INSTRUCTIONS FOR THE TASK:
Could you repeat every line below exactly, skipping the images?

DATASET EXTRACT:
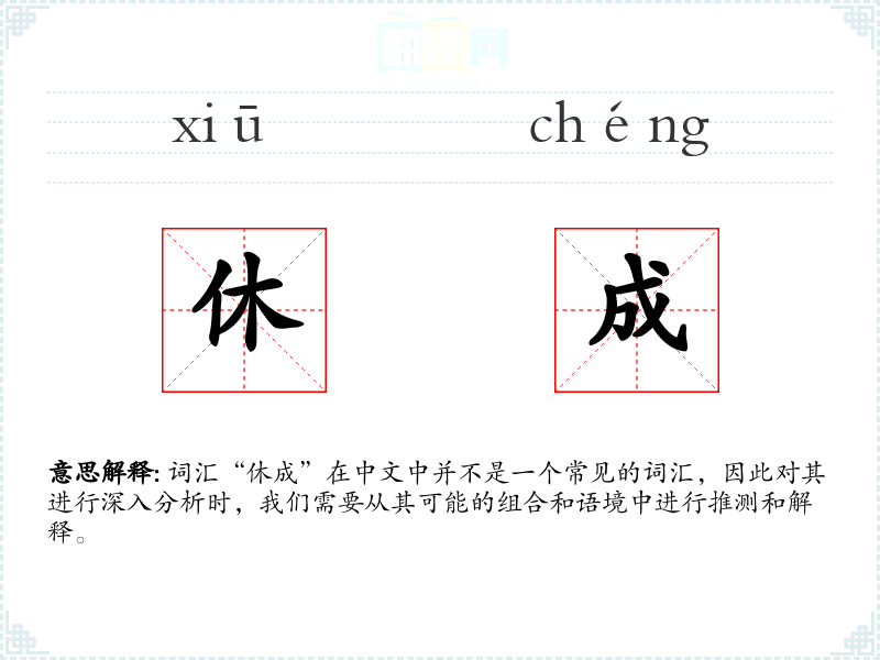由于“休成”不是一个常见词汇,它在不同语言或文化中的对应词汇可能不太明显。在其他语言中,可能需要找到类似的表达,如“rest and achieve”或“pause and succeed”。
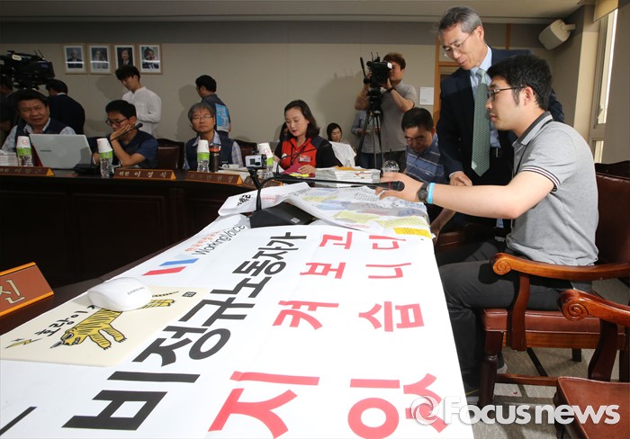 (세종=포커스뉴스) 5일 오후 세종시 정부세종청사 고용노동부 최저임금위원회에서 열린 제9차 전원회에서 박준성 위원장이 근로자위원들과 인사를 하던 중, 근로자위원 자리에 올려진 '비정규노동자가 지켜보고 있다'라는 문구와 청년들이 남긴 메모를 살피고 있다.
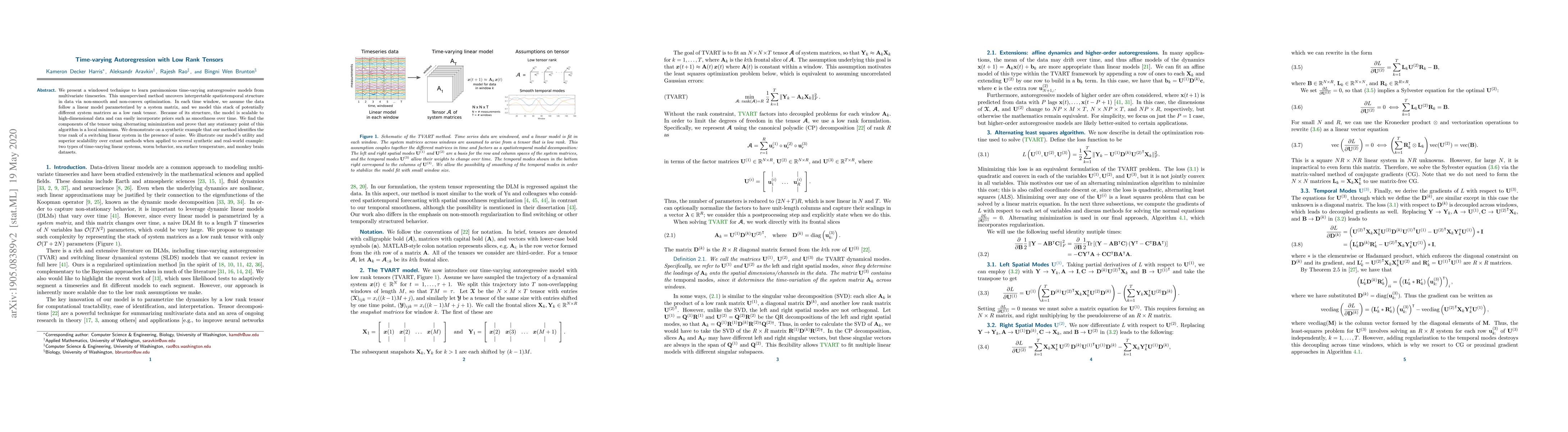 We present a windowed technique to learn parsimonious time-varying autoregressive models from multivariate timeseries. This unsupervised method uncovers interpretable spatiotemporal structure in data via non-smooth and non-convex optimization. In each time window, we assume the data follow a linear model parameterized by a system matrix, and we model this stack of potentially different system matrices as a low rank tensor. Because of its structure, the model is scalable to high-dimensional data and can easily incorporate priors such as smoothness over time. We find the components of the tensor using alternating minimization and prove that any stationary point of this algorithm is a local minimum. We demonstrate on a synthetic example that our method identifies the true rank of a switching linear system in the presence of noise. We illustrate our model's utility and superior scalability over extant methods when applied to several synthetic and real-world example: two types of time-varying linear systems, worm behavior, sea surface temperature, and monkey brain datasets.

YOUR RESPONSE:
由于“休成”不是一个常见词汇,它在不同语言或文化中的对应词汇可能不太明显。在其他语言中,可能需要找到类似的表达,如“rest and achieve”或“pause and succeed”。
 (세종=포커스뉴스) 5일 오후 세종시 정부세종청사 고용노동부 최저임금위원회에서 열린 제9차 전원회에서 박준성 위원장이 근로자위원들과 인사를 하던 중, 근로자위원 자리에 올려진 '비정규노동자가 지켜보고 있다'라는 문구와 청년들이 남긴 메모를 살피고 있다.
 We present a windowed technique to learn parsimonious time-varying autoregressive models from multivariate timeseries. This unsupervised method uncovers interpretable spatiotemporal structure in data via non-smooth and non-convex optimization. In each time window, we assume the data follow a linear model parameterized by a system matrix, and we model this stack of potentially different system matrices as a low rank tensor. Because of its structure, the model is scalable to high-dimensional data and can easily incorporate priors such as smoothness over time. We find the components of the tensor using alternating minimization and prove that any stationary point of this algorithm is a local minimum. We demonstrate on a synthetic example that our method identifies the true rank of a switching linear system in the presence of noise. We illustrate our model's utility and superior scalability over extant methods when applied to several synthetic and real-world example: two types of time-varying linear systems, worm behavior, sea surface temperature, and monkey brain datasets.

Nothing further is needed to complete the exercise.